マウスピース矯正は、「矯正装置が目立たない」ことが大きなメリットです。そのほかのメリットも含めて具体的に解説します。

矯正装置が目立たない

装置が透明なため、目立ちません。今までワイヤー矯正で装置が目立つことを理由に矯正治療を躊躇していた方でも、躊躇なく矯正治療を始めることができます。

マウスピースの取り外しができる

マウスピースは取り外しができるので、食事の時や歯みがきの時は、装置を外すことができます。食事をおいしく食べることができ、歯の衛生状態を保ちやすいというメリットがあります。
ただし、マウスピース矯正は1日20時間〜22時間の装着を基本として計画されていますので、食事と歯みがきの時以外は外さないようにしましょう。

違和感や痛みが少ない

ワイヤー矯正と比較して、緩やかに力がかかっているので、違和感や痛みが少ないといわれています。ただしマウスピース矯正を始めたばかりの時や新しいマウスピースに交換したばかりの時は、違和や痛みを感じやすくなります。

通院頻度が比較的少ない

矯正治療を始めたら、1〜2ヶ月に1度、矯正装置の調整や経過観察のために通院する必要があります。マウスピース矯正の場合は、歯並びが整うまでのマウスピースは既に出来上がっているので装置の調整は必要なく、経過を観察するための通院が必要になります。ワイヤー矯正が1ヶ月に1度程度の通院に対して、マウスピース矯正は2ヶ月に1度程度になることが多いです。

マウスピース矯正のデメリット

装置が目立たない点や違和感の少なさがメリットに挙げられるマウスピース矯正ですが、デメリットもあります。適応しにくい症例や自己管理が必要になります。詳しく解説します。

適応しにくい症例がある

マウスピース矯正は、比較的歯の移動距離が少ない症例に適応し、重度の叢生や骨格が大きくずれている出っ歯、大幅に左右がずれている症例には適応しません。無理にマウスピース矯正で治そうとすると、費用や時間ばかりがかかってしまいます。そのような場合はワイヤー矯正では適応できることが多いので、ワイヤー矯正に切り替えていくのも良いでしょう。

正しく装着しないと歯が動かない

マウスピース矯正は、装置の装着時間、新しいマウスピースへの交換など、自己管理をしなくてはいけないことがあります。
装着時間は20〜22時間の想定で計画されているので、それよりも少なくならないよう注意しなくてはなりません。
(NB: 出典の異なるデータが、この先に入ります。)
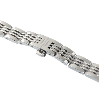 Esta bracelete de relógio Longines é feita de aço inoxidável e está fixada ao relógio através de pinos de pressão. A bracelete tem uma largura de 10 mm e fecha através de fivela butterfly com botões de pressão. A bracelete não tem uma montagem a direito, o que significa que esta bracelete só é adequada para os relógios listados abaixo.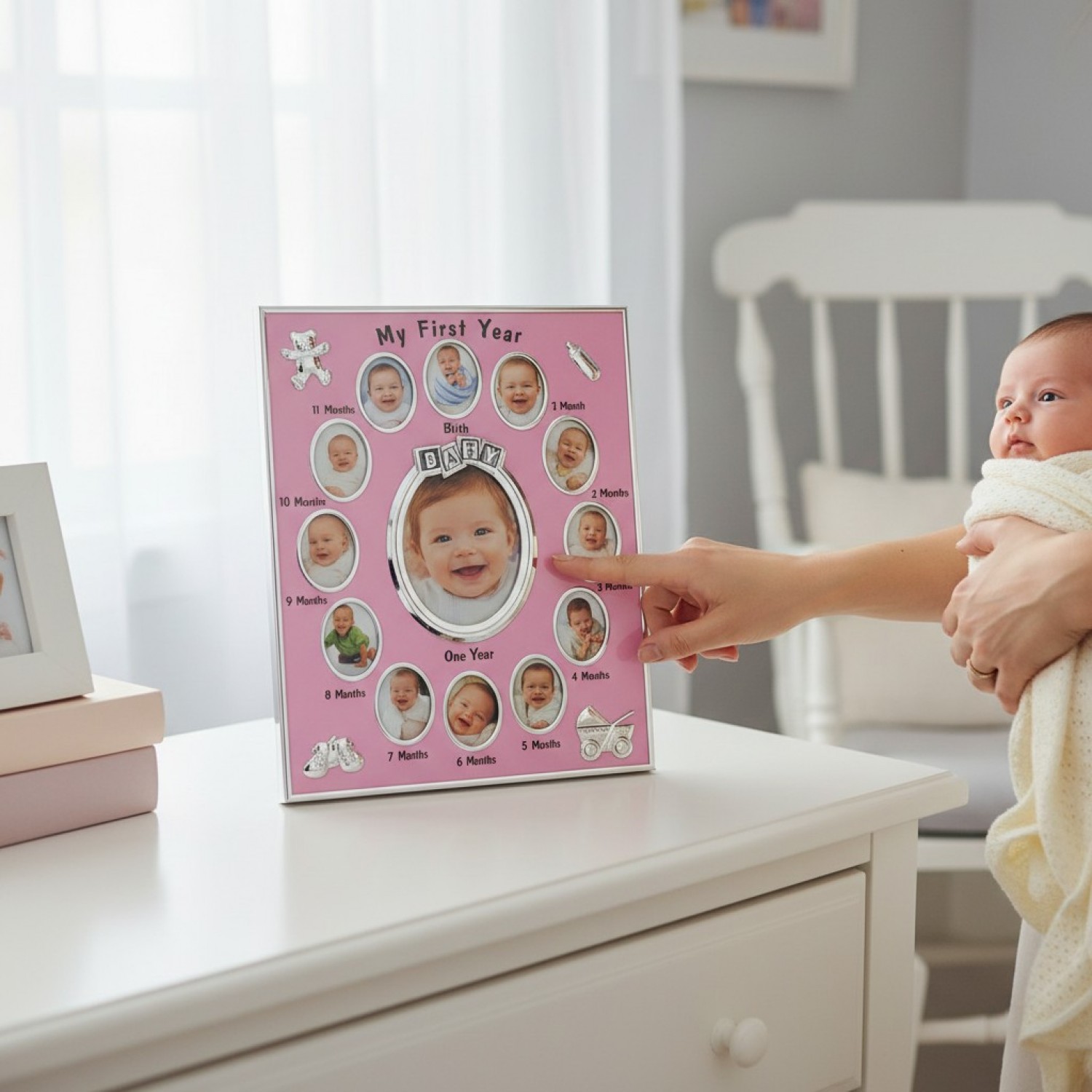 Pentru ca prima aniversare din viata unui copil reprezinta un moment special pentru parintii sai, o rama foto cu ajutorul careia poti trece in revista fiecare luna din viata bebelusului tau reprezinta o amintire de neuitat.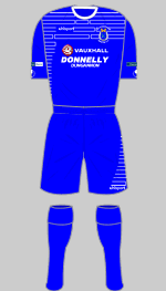 Glenavon won the Irish Cup for the sixth time last season, their first senior honour since 1997 (their previous cup win). Unfortunately they were knocked out of the Europa league by FH of Iceland in the first qualifying round. Their strips appear to be unchanged.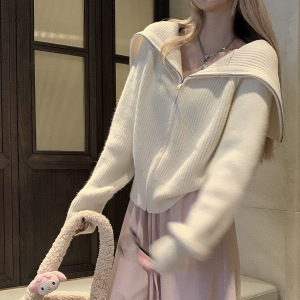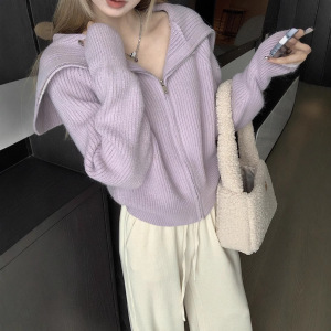 韩系大翻领毛衣外套女2025新款双拉链纯色简约宽松慵懒风针织开衫
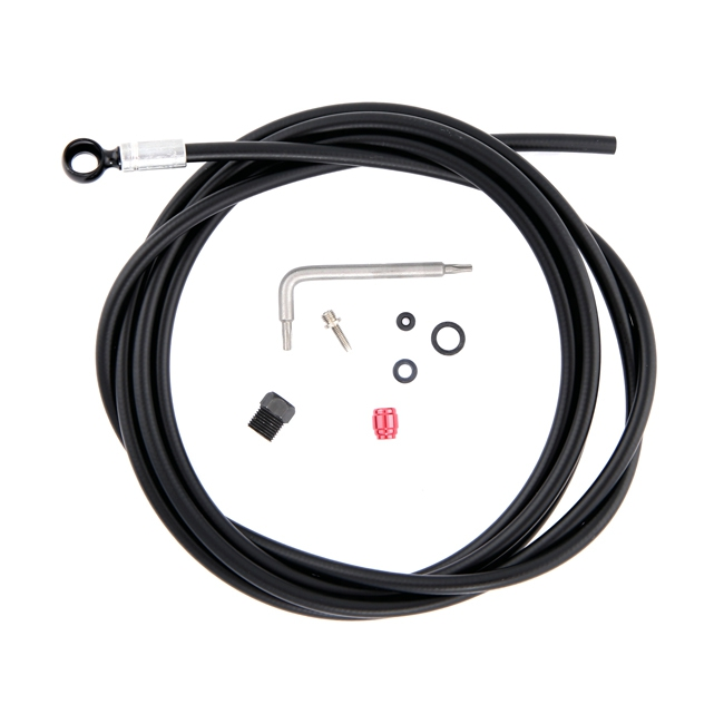 Eine Bremsleitung 200 cm schwarz, mit 90 Grad Anschluss, Klemmringe, Nippel und Kleinteilen fuer Red eTap HRD, Sram S900 TT Aero HRD Gruppen. Diese Bremsleitung ist nicht mit den Bremssaetteln mit Banjo oder geraden Leitungsanschluss kompatibel.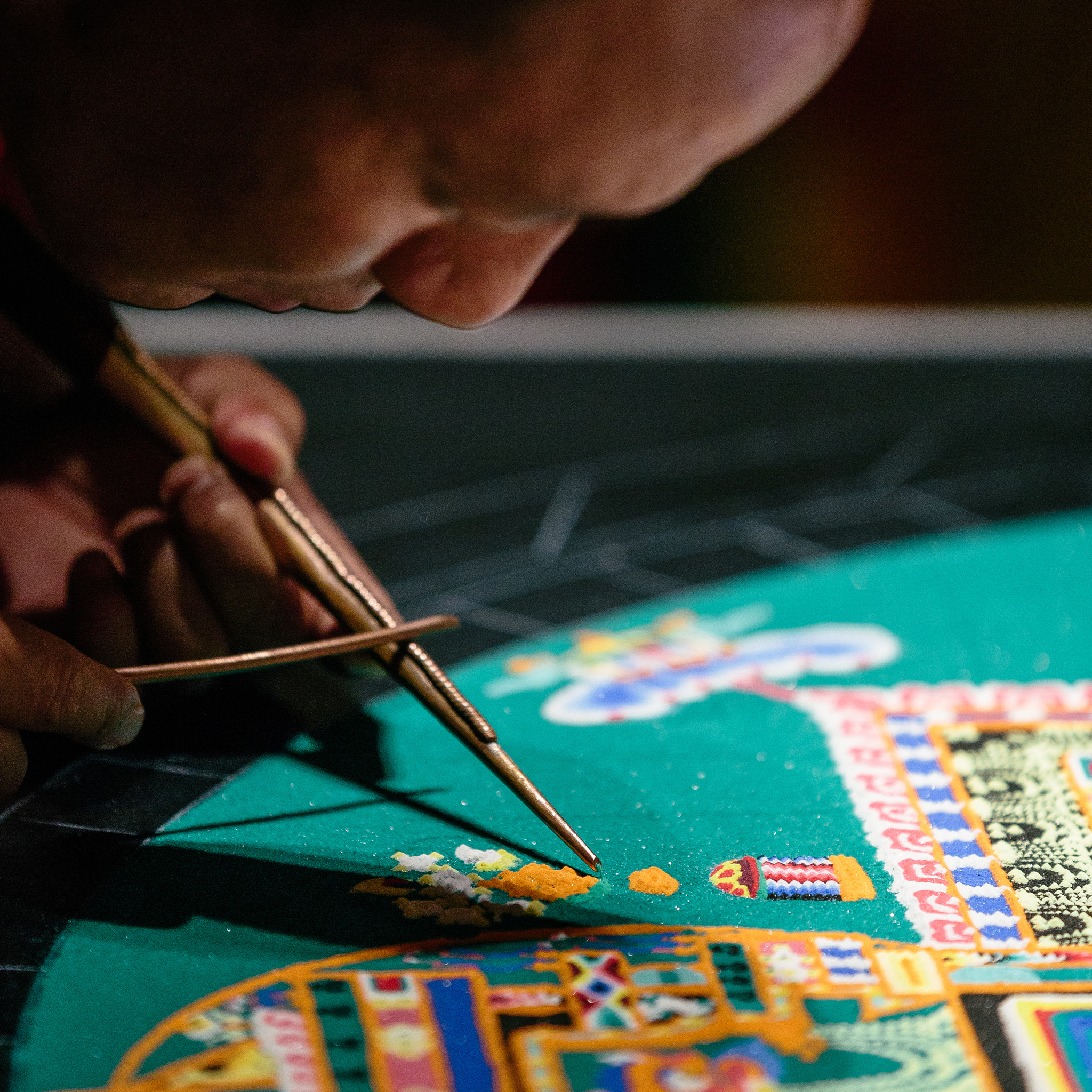 I read about the mandala installation at the Asia Society Texas Center with monks from the Drepung Loseling Monastery, and I knew that I wanted to go. I had seen a manadala at the Menil in 2014, and it had been worth the time to visit and photograph the monks layering all the colors and details. It was a similar experience at the Asia Society, except this time I was able to attend the opening, and get some coverage of the process from the first to the last day. Viewing the process of creating and then erasing the mandala over the course of four days, while capturing the details in camera, was a way to slow down during the time that I was there.

食事の時と歯みがきの時以外は、基本的に装着したままの状態になります。
また新しいマウスピースへの交換時期も決められているので、指示どおりに交換しましょう。万が一守れなかった場合には、早めに歯科医院に連絡をして、指示を仰ぐようにしましょう。

まとめ

歯列矯正には、主にワイヤー矯正とマウスピース矯正があり、それぞれにメリット・デメリットがあります。
歯列矯正を考えている場合には、両方の特徴をよく知った上で、歯科医師とよく相談の上、矯正方法を決めていくようにしましょう。